Castrodale Louisa
Alaska Section of Epidemiology, Anchorage, AK 99503, USA.
Public Health Rep. 2009 Mar-Apr;124(2):262-6. doi: 10.1177/003335490912400214.
The aim of this study was to summarize the Alaska experience in centralizing distribution of rabies postexposure prophylaxis (PEP).
Data were collected from standard treatment sheets used to track doses and notes related to the exposure investigations.
From 2002 to 2007, the annual PEP usage rate was 2.2 per 100,000. Dogs were involved in 79% (68/86) of exposures. More than 50% (49/87) of people were exposed to a confirmed rabid animal; 31 (63%) of those people experienced nonbite exposures. Conversely, of the remaining 38 people exposed to an animal for which rabies status could not be confirmed, 35 (92%) sustained a bite or puncture. Direct and indirect costs averaged more than $3000 per person.
The Alaska PEP usage rate was lower and the proportion of people exposed to confirmed rabid animals was higher when compared with other states. Alaska public health personnel invested significant time to ensure that PEP was only given when indicated. Without this gatekeeper approach, PEP would likely be administered at a much higher rate because medical facility staff lacks the time or ability to investigate animal exposures to rule out rabies. In Alaska, centralizing rabies PEP not only serves the patient's best interest, but it also makes efficient use of a potentially scarce product and supports rabies surveillance efforts by guaranteeing animals for testing.

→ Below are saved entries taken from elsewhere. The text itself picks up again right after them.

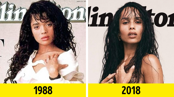 Оригінальна обкладинка була знята в кінці 80-х. Тоді актриса Ліза Боні, зірка серіалу «Шоу Косбі», знялася в досить незвичному вигляді. 30 років потому, її дочка, актриса Зої Кравіц, вирішила повторити образ матері, при цьому зробивши його ще більш зухвалим: вона позувала без сорочки.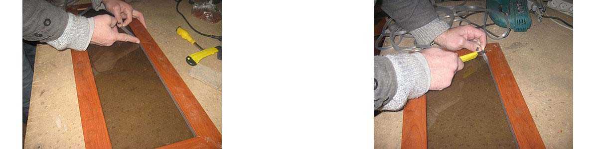Определившись с размерами, отправляемся в магазин или на базу, торгующую рамочными профилями. Здесь можно заказать не только материал, но и его раскрой по Вашим размерам, а также пазовку под суры – специальные крепления для рамочного профиля. Резка и пазовка производится на специальных станках, и выполнить ее в домашних условиях скорее всего не удастся. Но стоит такая работа не дорого, а собрать из готовых элементов двери совсем не сложно. Кроме нарезанного рамочного профиля и заполнений нам понадобятся суры (они же шпонки) – специальные пластиковые крепежи – «колышки», по 2 на каждый стык рамы, то есть на одну четырехугольную раму – 8 штук. А также клей ПВА, силиконовый герметик, уплотнитель (если вставка стеклянная), мебельный воск в тон профиля.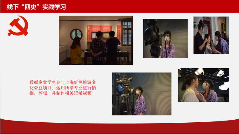学院开展“留住红色记忆,寻访红色足迹”的主题活动,全体党员同志、入党积极分子紧紧围绕主题,寻找红色基地进行实地参观学习,截止目前,学院20余名学子积极响应号召,利用课余时间参与实践活动,通过“红色基地打卡”让广大青年走进红色展馆,重温红色记忆,传承红色基因。我们数媒专业学生参与上海红色旅游文化公益项目,运用所学专业进行拍摄,剪辑,并制作相关记录视频,通过寻访红色足迹,传承红色基因,为上海市的红色文化建设做自己的奉献。

Such a program might not be feasible for a more populous state or jurisdiction, or areas with different rabies epizootiology; however, that may change if the supply of rabies biologics changes in the future.

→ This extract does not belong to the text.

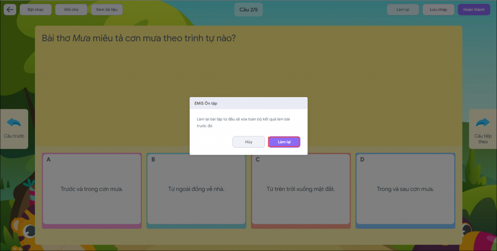 - Học sinh đọc kỹ thông báo và nhấn Xác nhận muốn làm lại bài.

本研究旨在总结阿拉斯加在集中分发狂犬病暴露后预防(PEP)方面的经验。
从用于追踪剂量及与暴露调查相关记录的标准治疗表中收集数据。
2002年至2007年,PEP的年使用率为每10万人2.2例。79%(68/86)的暴露事件涉及犬类。超过50%(49/87)的人接触过确诊患有狂犬病的动物;其中31人(63%)经历了非咬伤暴露。相反,在其余38名接触过狂犬病状态无法确认的动物的人中,35人(92%)遭受了咬伤或刺伤。直接和间接成本平均每人超过3000美元。
与其他州相比,阿拉斯加的PEP使用率较低,而接触确诊患有狂犬病动物的人群比例较高。阿拉斯加的公共卫生人员投入了大量时间,以确保仅在有指征时才给予PEP。如果没有这种把关方法,PEP的给药率可能会高得多,因为医疗机构工作人员没有时间或能力调查动物暴露情况以排除狂犬病。在阿拉斯加,集中管理狂犬病PEP不仅符合患者的最大利益,还能有效利用可能稀缺的产品,并通过保证提供用于检测的动物来支持狂犬病监测工作。这样的项目对于人口更多的州或管辖区,或狂犬病流行情况不同的地区可能不可行;然而,如果未来狂犬病生物制品的供应发生变化,情况可能会有所改变。